In the data below, locate the line containing "昨日,怀化市芷江县内普降大到" and the line containing "People look at", then retype both and everything between them exactly. Pictures are not part of the copy.

Exercise input >>
- - - -

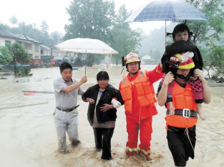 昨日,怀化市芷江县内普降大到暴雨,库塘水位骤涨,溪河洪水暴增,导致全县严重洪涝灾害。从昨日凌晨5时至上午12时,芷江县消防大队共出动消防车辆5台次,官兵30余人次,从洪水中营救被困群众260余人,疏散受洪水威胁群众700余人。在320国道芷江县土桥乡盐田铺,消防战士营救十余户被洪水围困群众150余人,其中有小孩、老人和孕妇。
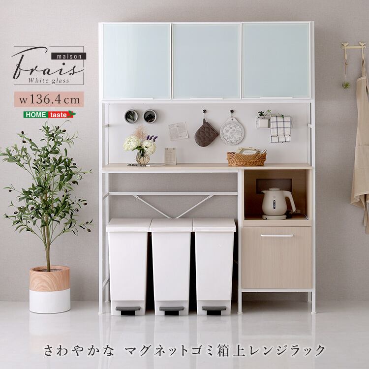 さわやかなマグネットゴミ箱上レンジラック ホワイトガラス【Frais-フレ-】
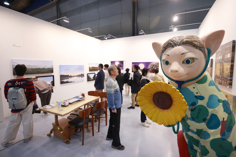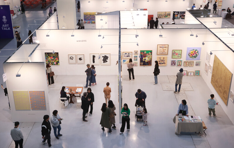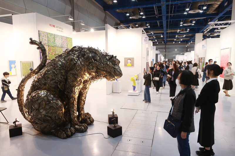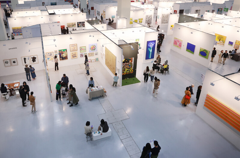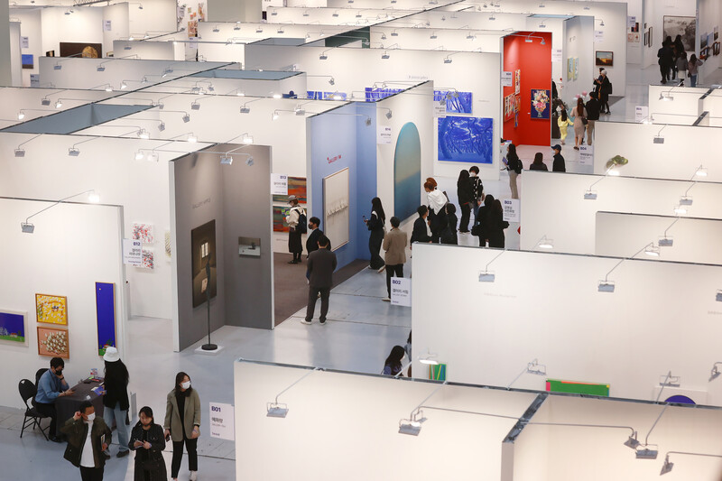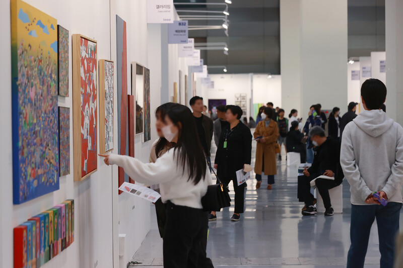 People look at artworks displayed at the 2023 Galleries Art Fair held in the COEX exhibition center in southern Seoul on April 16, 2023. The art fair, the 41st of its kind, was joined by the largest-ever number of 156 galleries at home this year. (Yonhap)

- - - -

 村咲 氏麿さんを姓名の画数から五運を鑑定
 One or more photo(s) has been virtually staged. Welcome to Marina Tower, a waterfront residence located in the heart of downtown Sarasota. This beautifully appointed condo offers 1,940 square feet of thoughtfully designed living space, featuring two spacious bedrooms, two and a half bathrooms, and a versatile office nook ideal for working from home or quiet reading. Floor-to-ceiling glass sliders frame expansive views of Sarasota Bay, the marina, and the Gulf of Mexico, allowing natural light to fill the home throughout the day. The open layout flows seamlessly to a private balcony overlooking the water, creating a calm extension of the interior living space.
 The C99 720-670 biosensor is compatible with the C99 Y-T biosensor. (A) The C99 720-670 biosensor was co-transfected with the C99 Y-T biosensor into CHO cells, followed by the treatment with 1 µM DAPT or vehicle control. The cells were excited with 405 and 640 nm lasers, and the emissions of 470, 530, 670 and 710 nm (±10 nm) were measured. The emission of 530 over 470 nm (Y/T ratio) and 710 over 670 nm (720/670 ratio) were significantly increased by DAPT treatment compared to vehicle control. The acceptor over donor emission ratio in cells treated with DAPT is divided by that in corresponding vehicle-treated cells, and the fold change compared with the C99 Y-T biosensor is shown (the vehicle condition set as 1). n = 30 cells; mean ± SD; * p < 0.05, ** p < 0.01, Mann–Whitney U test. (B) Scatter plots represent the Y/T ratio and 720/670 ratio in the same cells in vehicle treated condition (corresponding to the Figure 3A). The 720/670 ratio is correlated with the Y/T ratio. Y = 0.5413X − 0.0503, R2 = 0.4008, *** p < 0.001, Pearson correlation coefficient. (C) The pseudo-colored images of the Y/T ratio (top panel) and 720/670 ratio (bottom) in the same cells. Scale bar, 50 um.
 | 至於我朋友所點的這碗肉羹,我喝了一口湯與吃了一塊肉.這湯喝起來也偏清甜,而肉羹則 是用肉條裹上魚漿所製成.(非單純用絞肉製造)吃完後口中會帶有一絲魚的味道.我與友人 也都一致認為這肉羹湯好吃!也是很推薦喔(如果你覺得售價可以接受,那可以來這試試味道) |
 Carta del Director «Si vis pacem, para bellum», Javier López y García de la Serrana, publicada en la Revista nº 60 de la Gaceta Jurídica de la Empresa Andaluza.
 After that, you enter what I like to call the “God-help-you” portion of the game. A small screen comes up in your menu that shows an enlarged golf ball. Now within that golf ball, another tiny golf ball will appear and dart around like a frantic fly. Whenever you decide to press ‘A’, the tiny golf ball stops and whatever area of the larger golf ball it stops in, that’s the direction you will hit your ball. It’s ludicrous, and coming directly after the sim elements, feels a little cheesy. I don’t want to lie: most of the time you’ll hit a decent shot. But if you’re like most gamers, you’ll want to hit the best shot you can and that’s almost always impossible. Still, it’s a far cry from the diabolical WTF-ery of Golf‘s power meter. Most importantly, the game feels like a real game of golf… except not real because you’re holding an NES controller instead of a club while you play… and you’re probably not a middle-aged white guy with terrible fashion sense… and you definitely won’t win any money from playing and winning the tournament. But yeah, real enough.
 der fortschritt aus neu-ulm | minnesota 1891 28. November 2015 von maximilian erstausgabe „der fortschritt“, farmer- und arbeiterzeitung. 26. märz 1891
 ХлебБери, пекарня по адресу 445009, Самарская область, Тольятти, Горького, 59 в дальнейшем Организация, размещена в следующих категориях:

- - - -

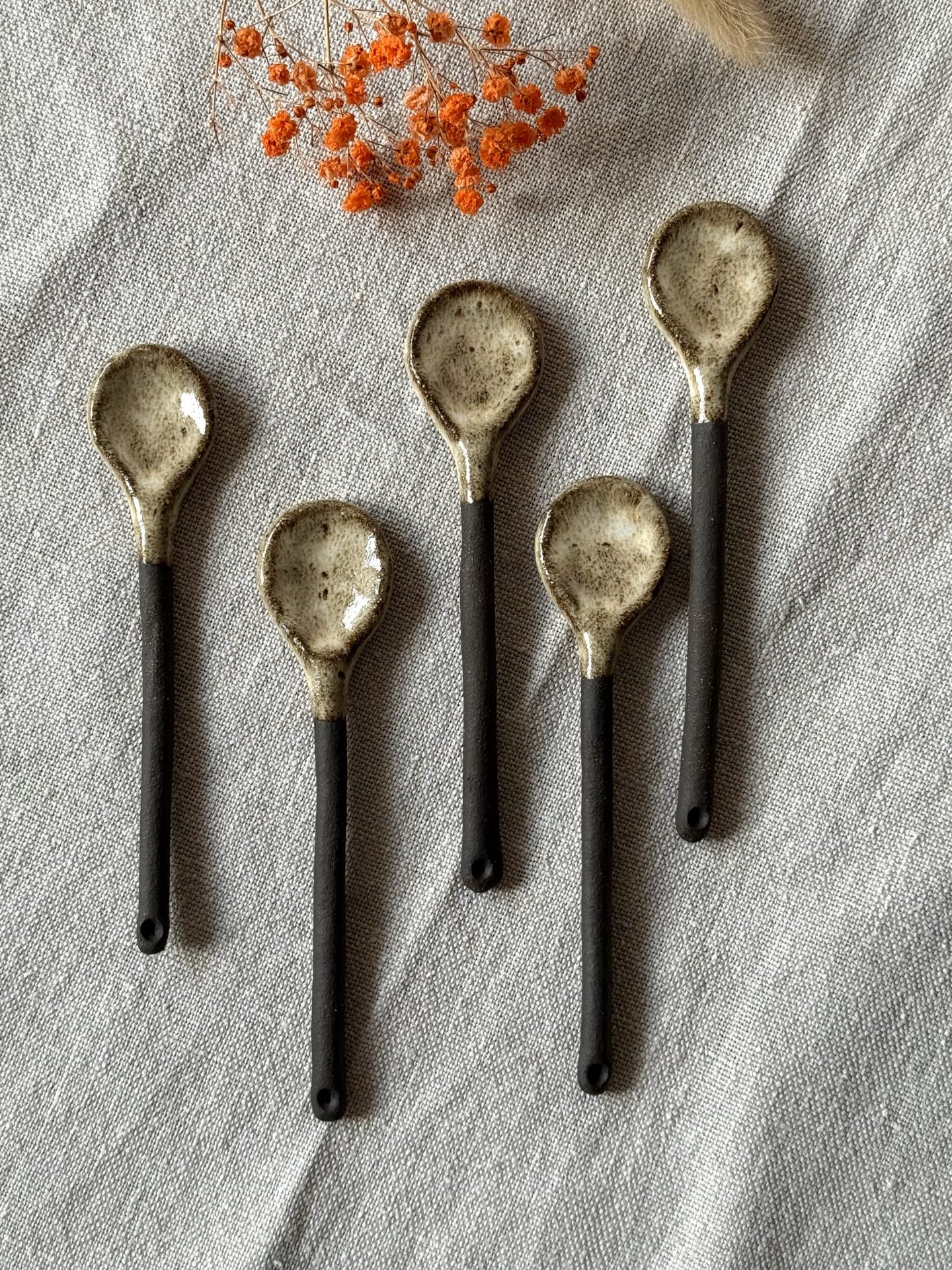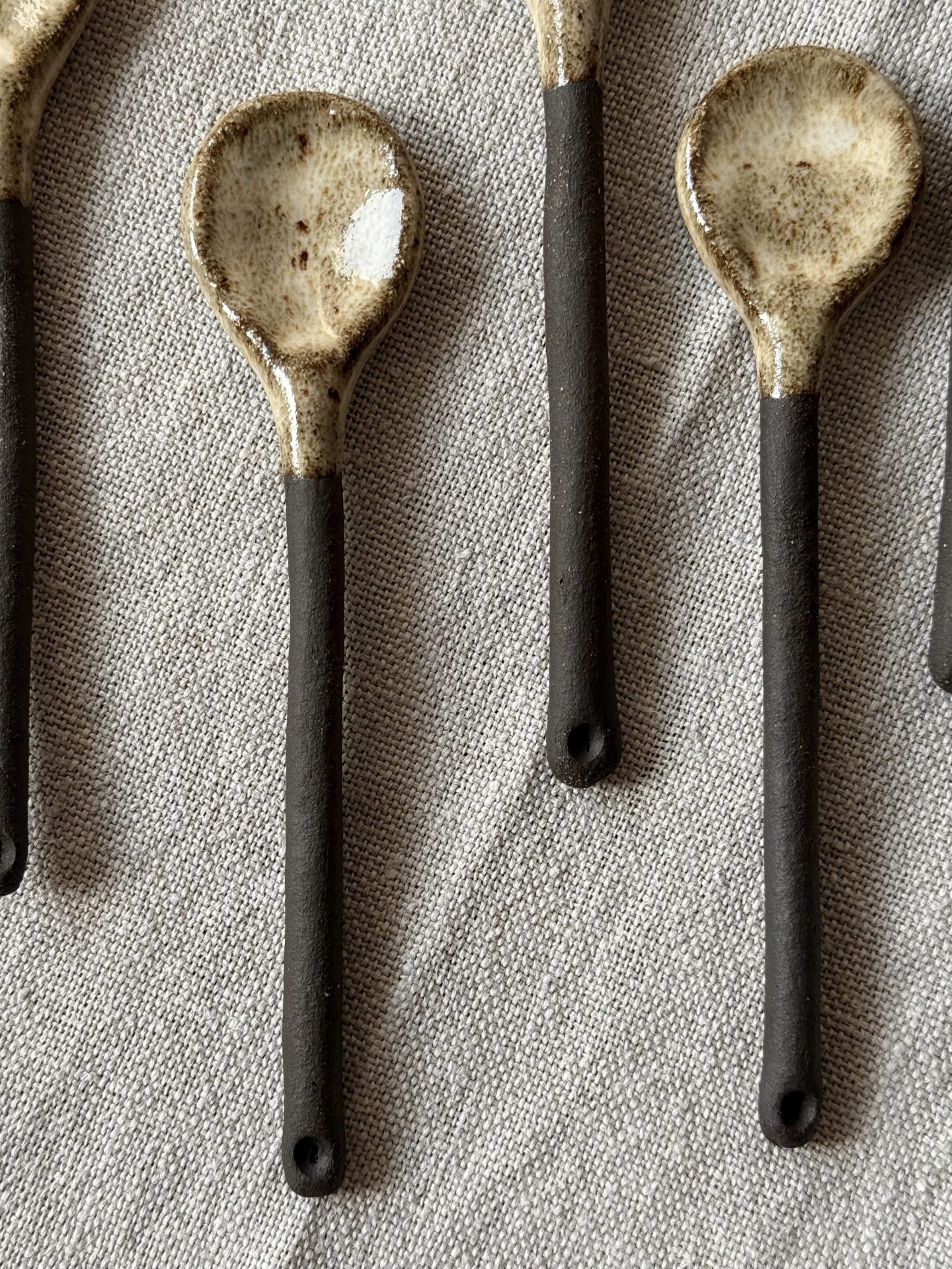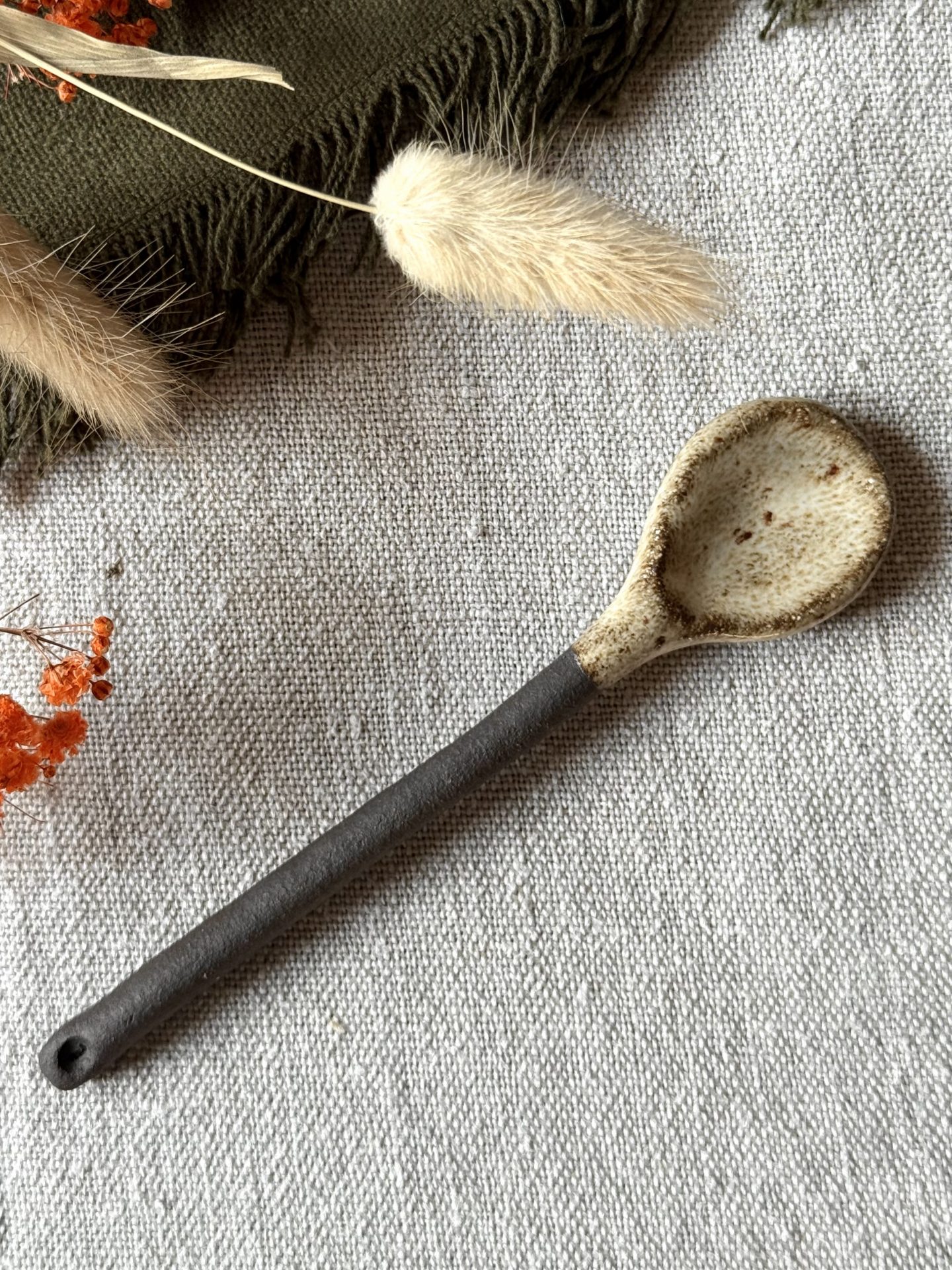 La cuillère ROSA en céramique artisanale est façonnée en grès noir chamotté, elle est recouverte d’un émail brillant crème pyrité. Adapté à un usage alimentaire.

- - - -

Your response >>
 昨日,怀化市芷江县内普降大到暴雨,库塘水位骤涨,溪河洪水暴增,导致全县严重洪涝灾害。从昨日凌晨5时至上午12时,芷江县消防大队共出动消防车辆5台次,官兵30余人次,从洪水中营救被困群众260余人,疏散受洪水威胁群众700余人。在320国道芷江县土桥乡盐田铺,消防战士营救十余户被洪水围困群众150余人,其中有小孩、老人和孕妇。
 さわやかなマグネットゴミ箱上レンジラック ホワイトガラス【Frais-フレ-】
 People look at artworks displayed at the 2023 Galleries Art Fair held in the COEX exhibition center in southern Seoul on April 16, 2023. The art fair, the 41st of its kind, was joined by the largest-ever number of 156 galleries at home this year. (Yonhap)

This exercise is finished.